__PROMPT__
Please copy exactly the part of the records below that opens with the line containing "Панорама Неополитанского залива, зарисовка" and closes with the line containing "Packaging design for", leaving out any pictures.

+ + + + +

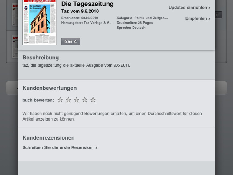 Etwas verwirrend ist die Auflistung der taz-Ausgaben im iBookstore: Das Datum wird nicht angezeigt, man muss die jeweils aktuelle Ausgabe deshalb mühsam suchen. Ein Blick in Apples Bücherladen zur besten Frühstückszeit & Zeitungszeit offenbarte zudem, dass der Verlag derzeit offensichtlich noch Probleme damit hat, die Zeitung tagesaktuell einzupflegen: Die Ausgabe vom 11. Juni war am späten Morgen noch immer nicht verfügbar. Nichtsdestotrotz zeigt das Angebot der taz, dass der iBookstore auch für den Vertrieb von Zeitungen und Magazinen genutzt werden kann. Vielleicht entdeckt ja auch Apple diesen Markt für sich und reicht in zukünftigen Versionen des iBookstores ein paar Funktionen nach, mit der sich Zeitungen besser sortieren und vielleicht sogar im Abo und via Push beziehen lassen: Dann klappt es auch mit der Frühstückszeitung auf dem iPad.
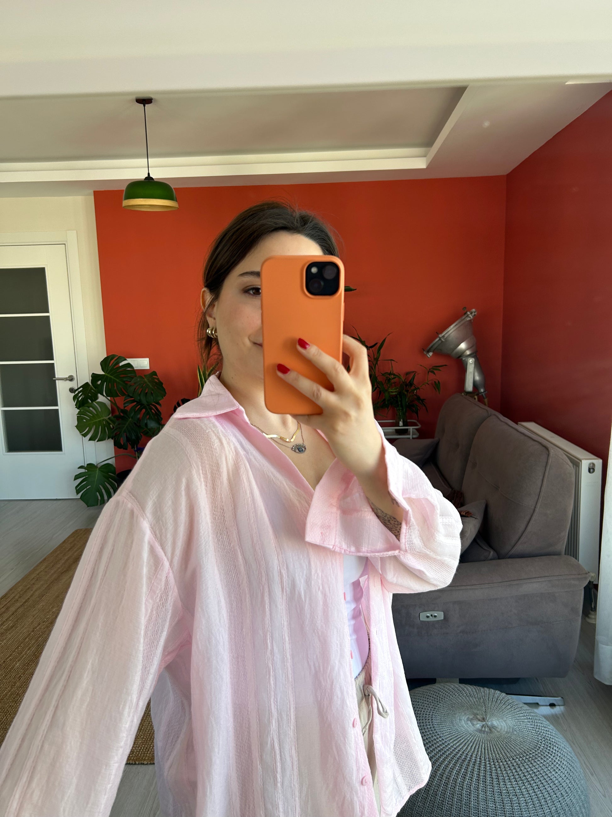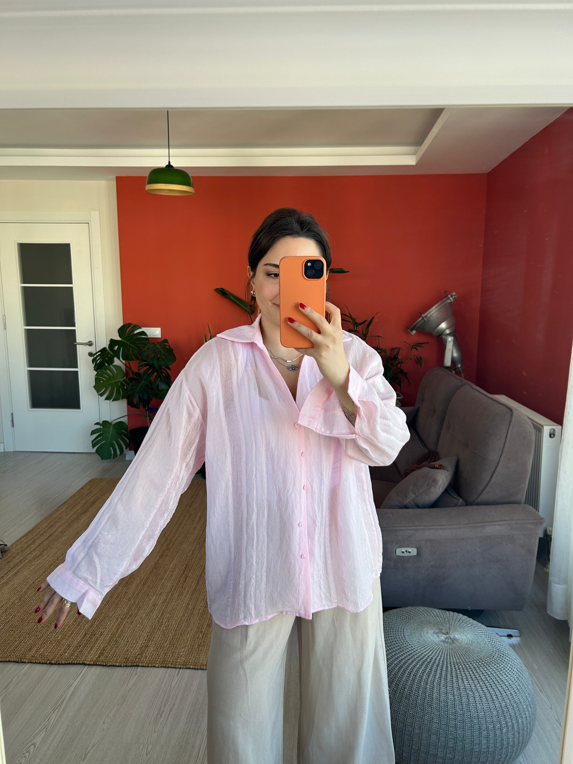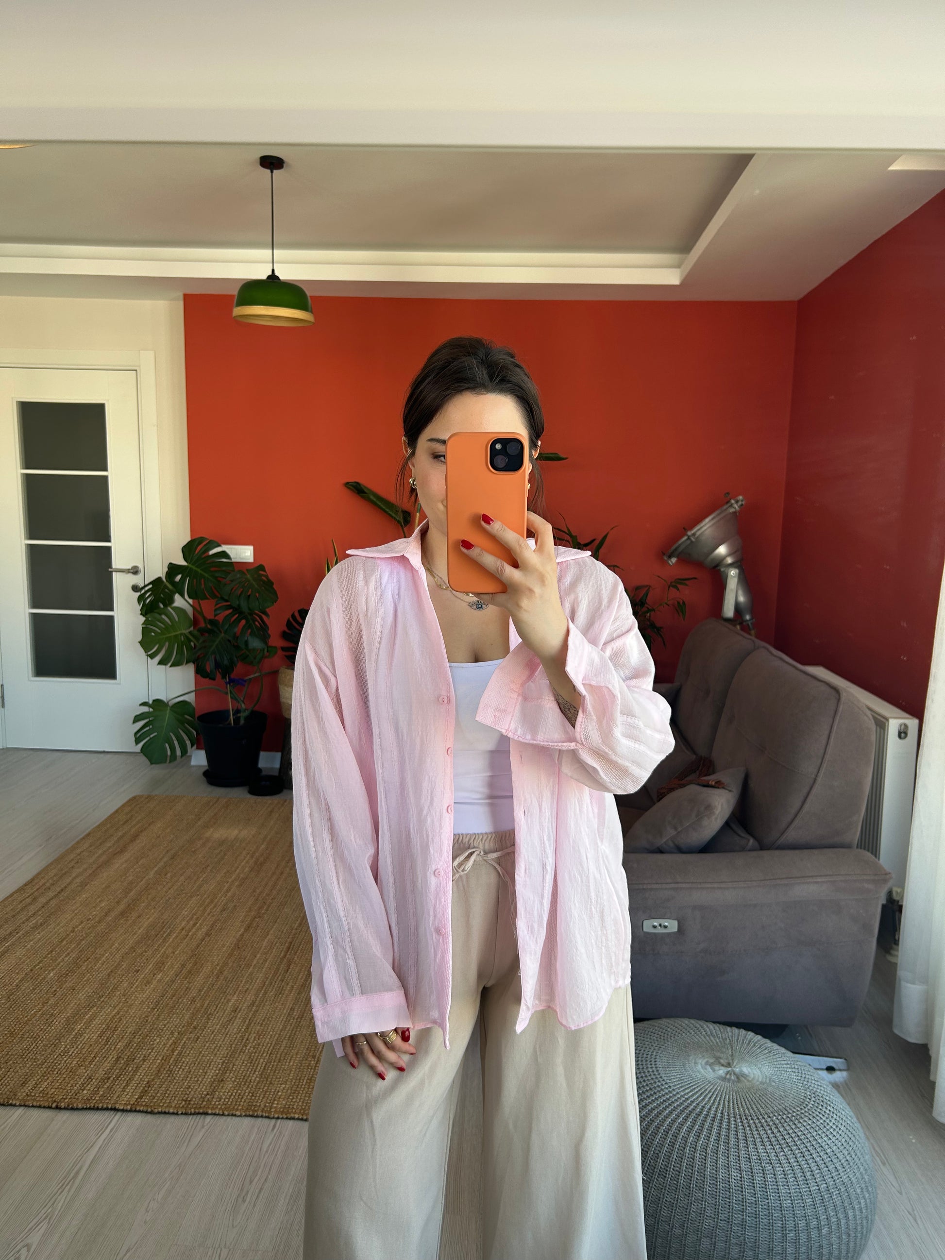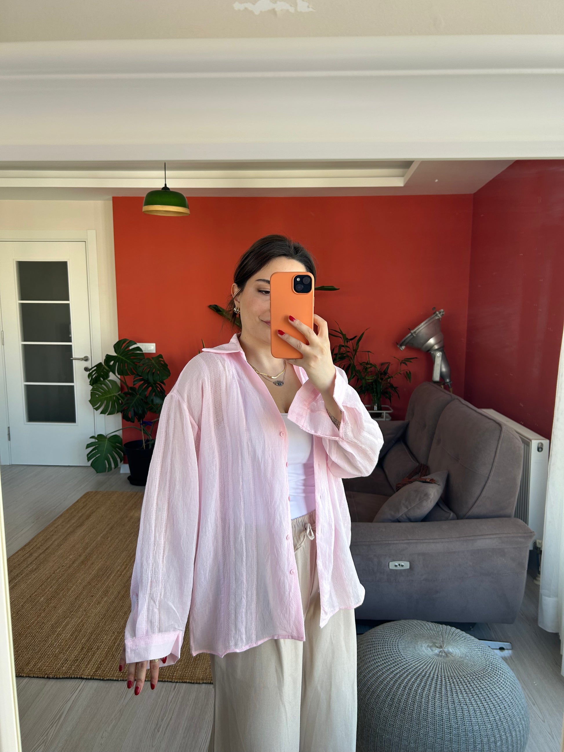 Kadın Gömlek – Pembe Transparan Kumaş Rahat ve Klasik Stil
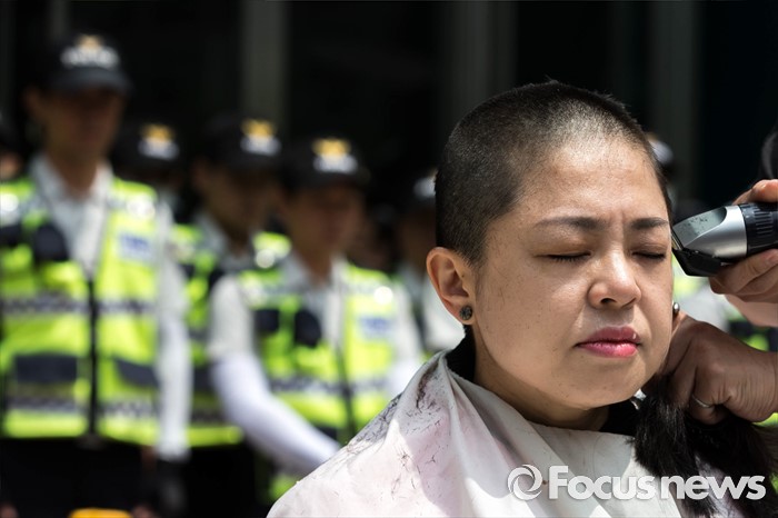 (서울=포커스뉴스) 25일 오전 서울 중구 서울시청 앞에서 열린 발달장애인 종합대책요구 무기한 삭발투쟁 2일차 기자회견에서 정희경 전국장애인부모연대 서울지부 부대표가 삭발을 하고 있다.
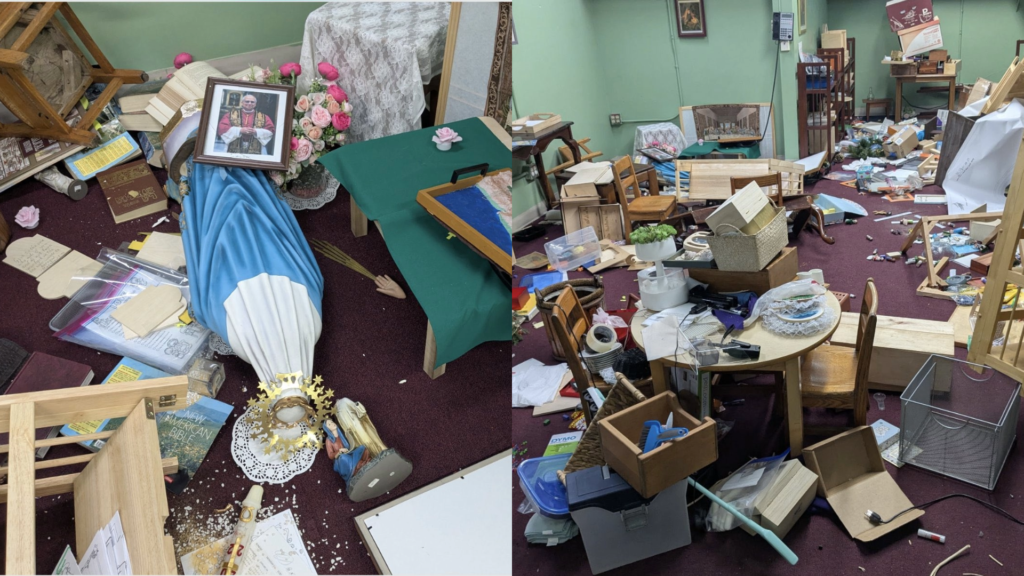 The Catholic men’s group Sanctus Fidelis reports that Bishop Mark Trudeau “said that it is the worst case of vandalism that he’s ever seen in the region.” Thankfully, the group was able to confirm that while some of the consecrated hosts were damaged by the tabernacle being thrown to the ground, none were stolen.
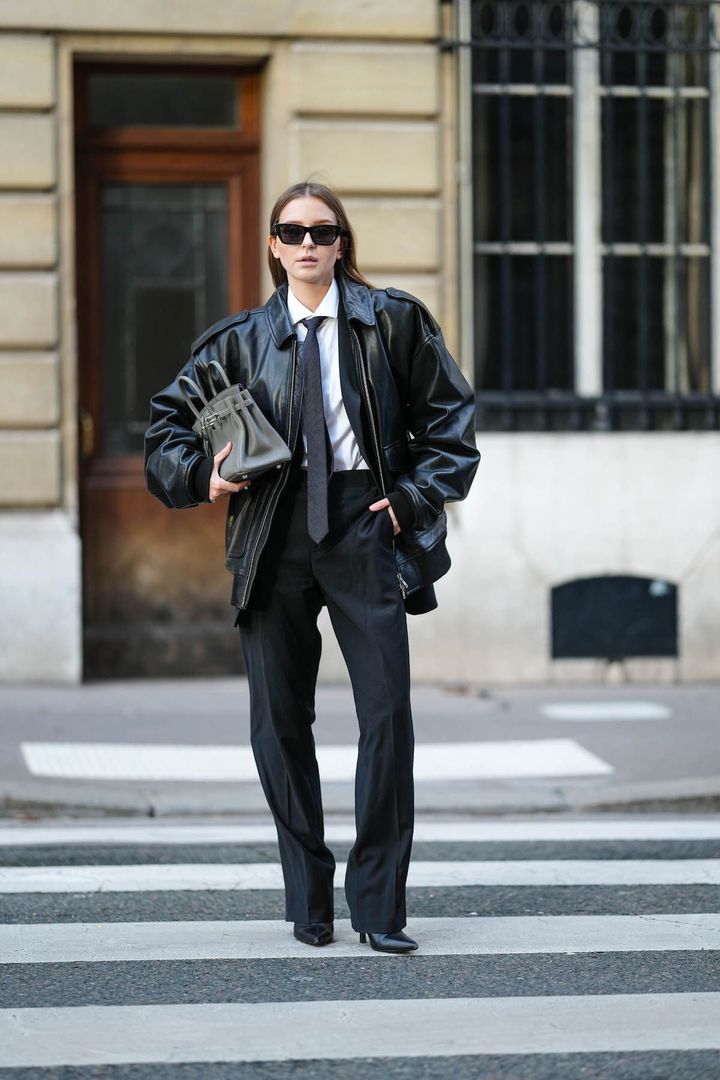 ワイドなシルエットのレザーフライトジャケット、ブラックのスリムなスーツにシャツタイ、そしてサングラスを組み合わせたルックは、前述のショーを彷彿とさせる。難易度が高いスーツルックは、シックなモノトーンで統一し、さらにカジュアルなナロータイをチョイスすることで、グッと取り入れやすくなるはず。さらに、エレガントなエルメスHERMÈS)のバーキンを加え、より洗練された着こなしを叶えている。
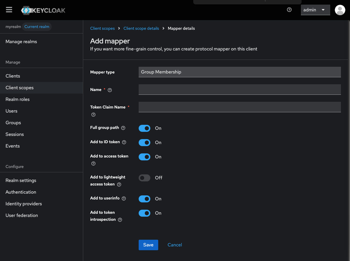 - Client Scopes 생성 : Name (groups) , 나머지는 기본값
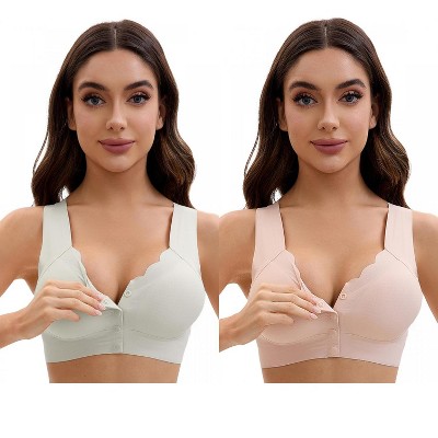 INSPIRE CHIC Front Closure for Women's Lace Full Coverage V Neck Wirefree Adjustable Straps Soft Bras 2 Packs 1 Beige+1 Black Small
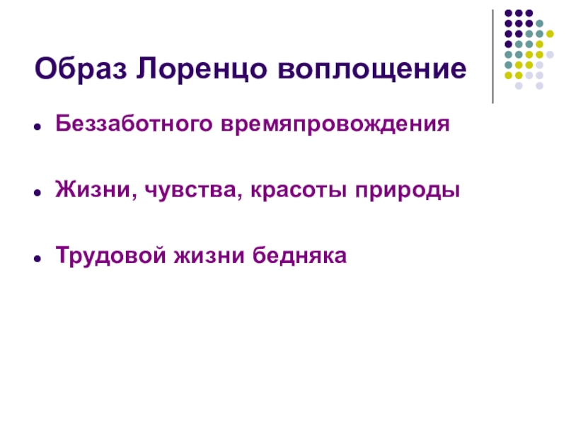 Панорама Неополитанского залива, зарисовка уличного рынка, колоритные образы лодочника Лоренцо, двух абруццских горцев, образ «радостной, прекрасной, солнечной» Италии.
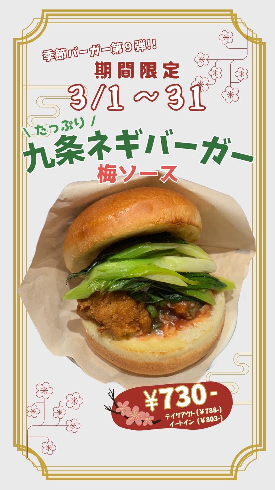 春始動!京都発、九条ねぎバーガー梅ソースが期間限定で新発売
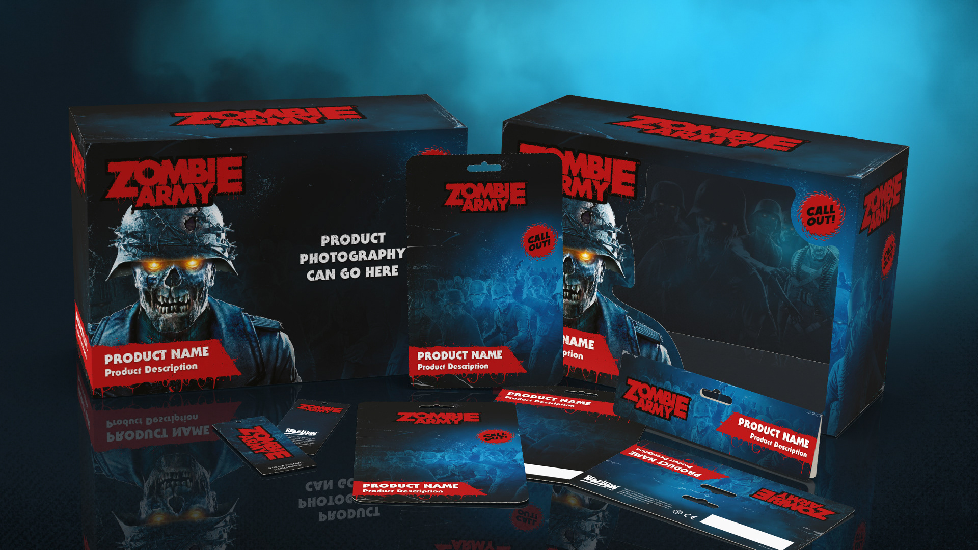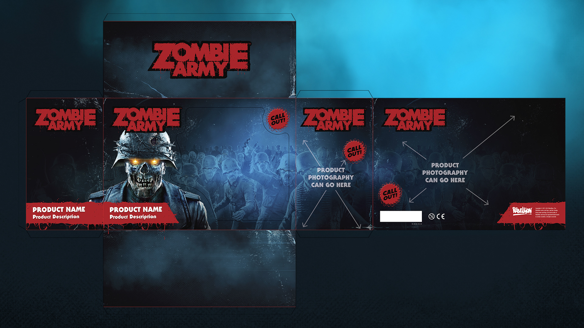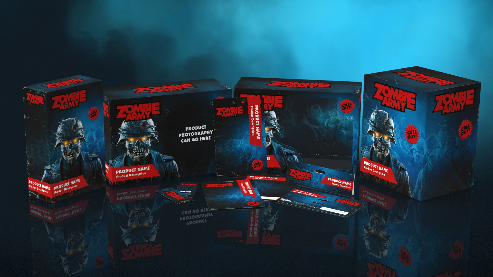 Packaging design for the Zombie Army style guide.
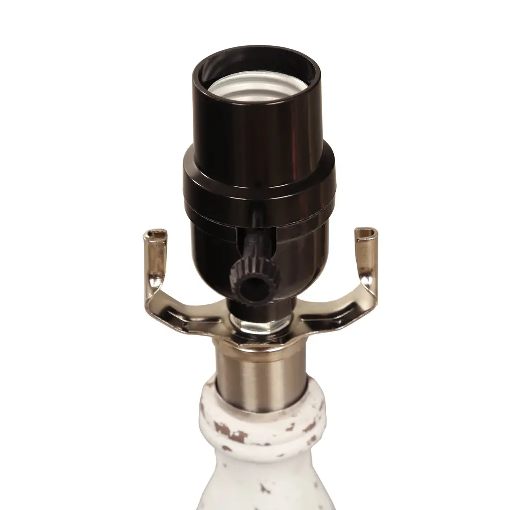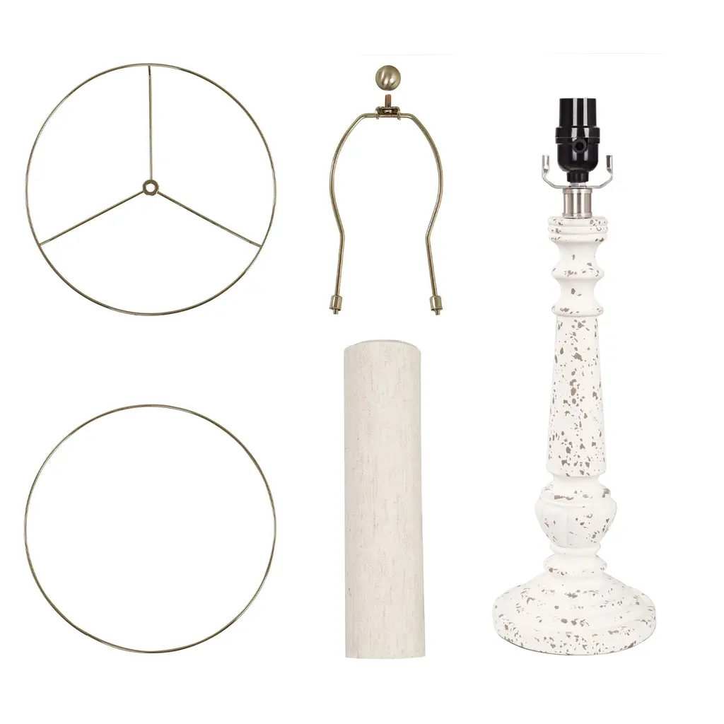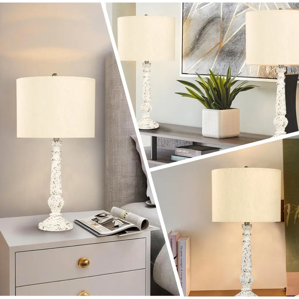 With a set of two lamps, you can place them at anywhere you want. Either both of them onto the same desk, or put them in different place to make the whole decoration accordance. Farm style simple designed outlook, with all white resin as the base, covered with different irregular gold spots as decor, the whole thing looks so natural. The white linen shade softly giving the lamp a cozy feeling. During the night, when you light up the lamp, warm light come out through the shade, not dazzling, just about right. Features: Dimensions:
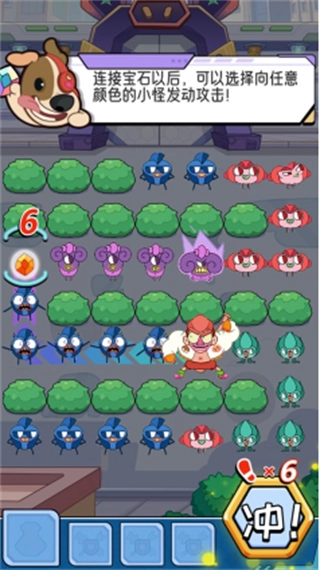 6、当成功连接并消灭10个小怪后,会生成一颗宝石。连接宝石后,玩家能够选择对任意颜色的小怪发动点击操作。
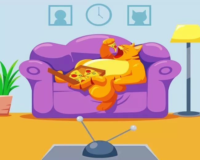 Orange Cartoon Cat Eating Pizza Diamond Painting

+ + + + +

__EXERCISE SOLUTION__
 Панорама Неополитанского залива, зарисовка уличного рынка, колоритные образы лодочника Лоренцо, двух абруццских горцев, образ «радостной, прекрасной, солнечной» Италии.
 春始動!京都発、九条ねぎバーガー梅ソースが期間限定で新発売
 Packaging design for the Zombie Army style guide.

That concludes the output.